Graficamente, l’avventura non si presenta particolarmente inventiva, ma ripropone con successo il tipico stile giapponese da cartone animato ‘mainstream’. Le animazioni (poche ma buone) si dimostrano ottime nel sottolineare i vari toni assunti dai personaggi e i momenti più umoristici. Il resto del lavoro è affidato a un discreto lavoro di regia (piccole vibrazioni, flash, e così via). Va sottolineato, comunque, che lo stile grafico adottato rende il titolo visivamente immortale.
L’audio è molto essenziale, ma viene degnamente utilizzato per spalleggiare la regia: i particolari effetti sonori riescono a rendere al meglio le diverse situazioni, mettendo in risalto un certo dialogo, una scenetta o semplicemente una gag. Le musiche digitalizzate in stile midi (composte da Akemi Kimura e Masakazu Sugimori) non sono male e restano sicuramente in testa, pur suonando un tantino ripetitive.
Per ovvi motivi il parlato è assente, a eccezione degli ‘strilli’ (come il famoso ‘Obiezione!’) che riescono – con successo – a variare il ritmo.
Considerata la mole dei testi, la traduzione in italiano è complessivamente buona, anche se è presente qualche piccola sbavatura.
Le funzioni del touch screen del DS sono ottimamente convertite, a parte una piccola aggiunta ‘vocale’ (si può urlare “Obiezione!” al microfono, in alternativa alla semplice pressione di un pulsante) , ed è possibile controllare il gioco usando unicamente la stilo.
Questo, almeno, vale per i primi quattro casi. Il quinto invece, del tutto inedito, sfrutta appieno le potenzialità delle console, proponendo enigmi alternativi che valorizzano l’utilizzo dello schermo ‘sensibile’ e del microfono (analisi delle impronte digitali – con tanto di ‘soffio’ richiesto per togliere via la polvere in eccesso, rotazione manuale in 3D degli oggetti, e altro): una vera delizia.

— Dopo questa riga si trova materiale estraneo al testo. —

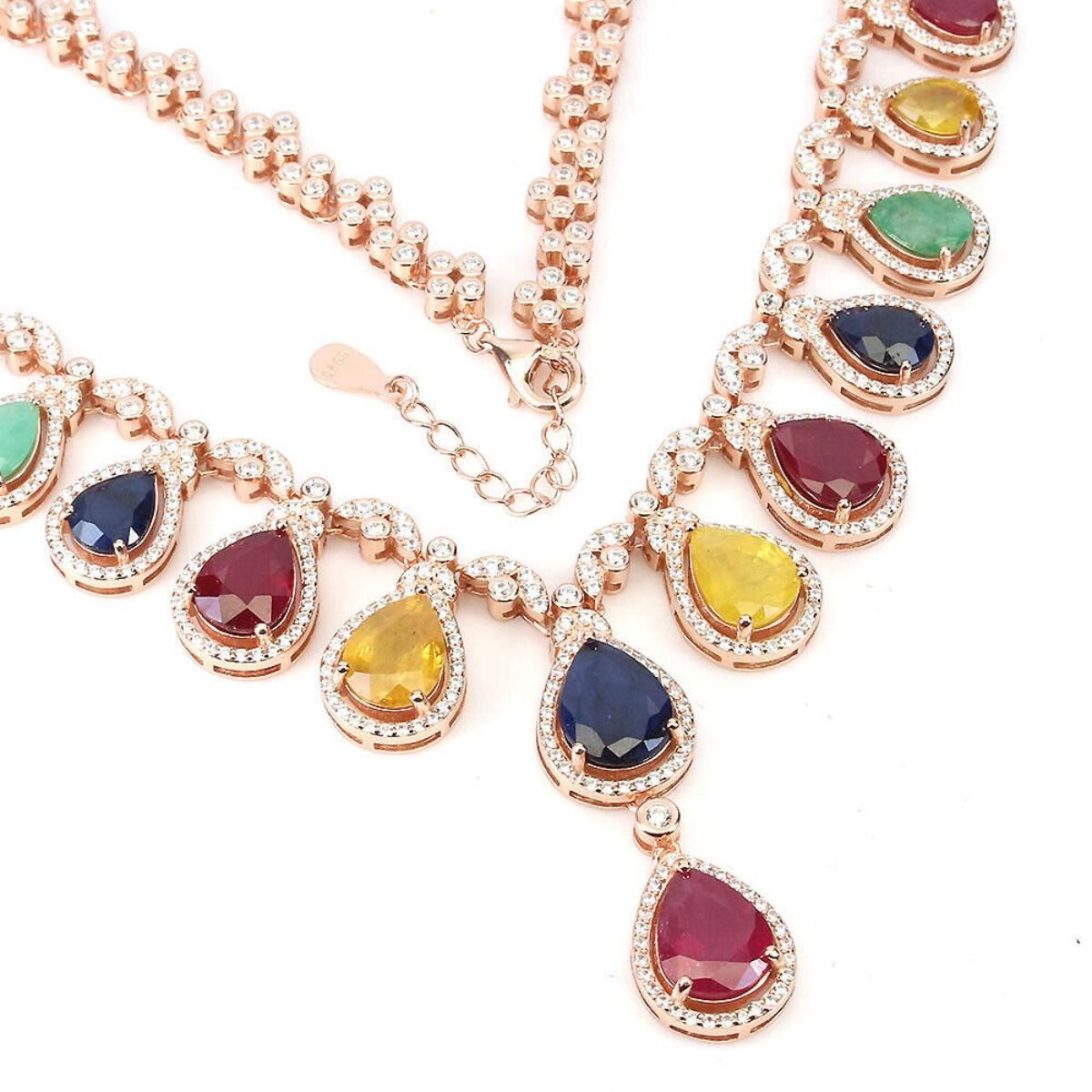 925 STERLING SILVER;PLATE-14K ROSE GOLD;LENGTH (INCHES)18;MAIN STONE-RUBY;OTHER GEMS-- EMERALD, SAPPHIRE;TOTAL WEIGHT-40.8 GRAM (TOTAL WEIGHT OF SILVER + STONE)DIMENSION-* STONE 7.0 X 5.0 TO 10.0 X 8.0 MM.;* TOTAL LENGTH- 18.0 INCHES.;* STONES PART LENGTH- 440.0 X 35.0 MM.;MAIN STONE SHAPE-PEAR CUT;MAIN STONE COLOR-TOP BLOOD RED;TREATMENT- Yes;ORIGIN-MADAGASCAR;HARDNESS-9;
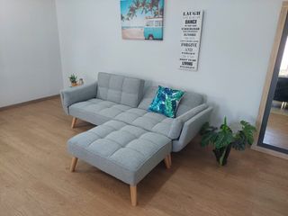 !atendemos por whats 63*22*47*000 !! ✅Totalmente nuevo y con 2 años de garantia ✅Envios a toda Esapaña y Barcelona pago en persona Sofá cama de tela en color gris, con un diseño moderno y funcional. - Estructura de madera. - Cojines cuadrados. - Incluye otomana a juego.
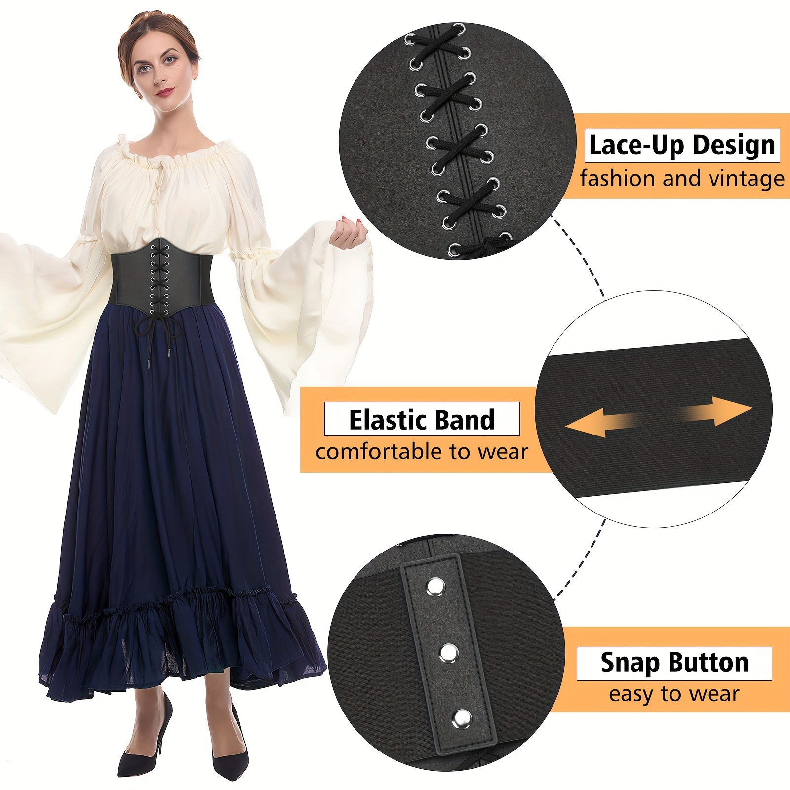 유럽과 미국 레트로 레이스 업 코르셋 와이드 벨트 클래식 단색 탄성 꽉 허리 슬리밍 탄성 허리 씰스토어 가기
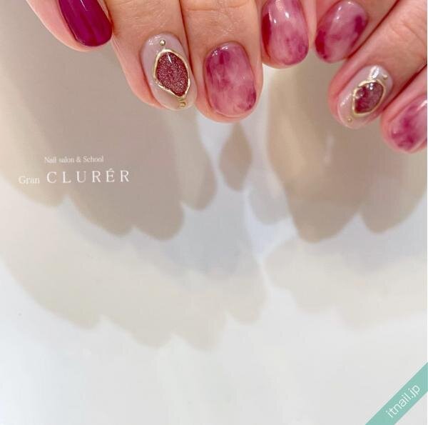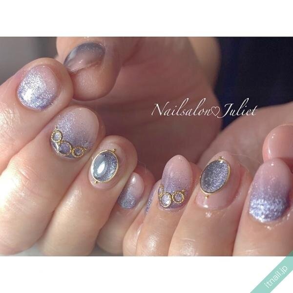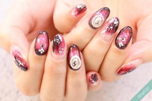 BIGサイズのストーンの周りに小粒のストーンを並べ、キラキラ光り輝くブローチネイルを作るのもいいですよね!

Un piccolo appunto: a essere onesti, l’interfaccia grafica utilizzata durante le sezioni di pura investigazione è un po’ macchinosa, ma non è il caso di lamentarsi troppo.
Il game over può scattare unicamente durante la parte dedicata al processo vero e proprio, in cui sono concessi al massimo quattro errori: al quinto, il giudice pronuncerà il verdetto di colpevolezza. Un limite piazzato per regalare quel pizzico di adrenalina in più, ma sostanzialmente inutile in virtù del salvataggio libero.
In ogni caso, “Phoenix Wright” è molto lineare nel suo svolgimento ed è praticamente impossibile restare realmente bloccati. Se accade, basta provare ogni opzione a disposizione (di solito in numero molto ridotto) per uscire fuori dall’inghippo. Da questa scarsa libertà di gioco deriva la definizione di ‘novella visuale’ che può venire associata a “Phoenix Wright”.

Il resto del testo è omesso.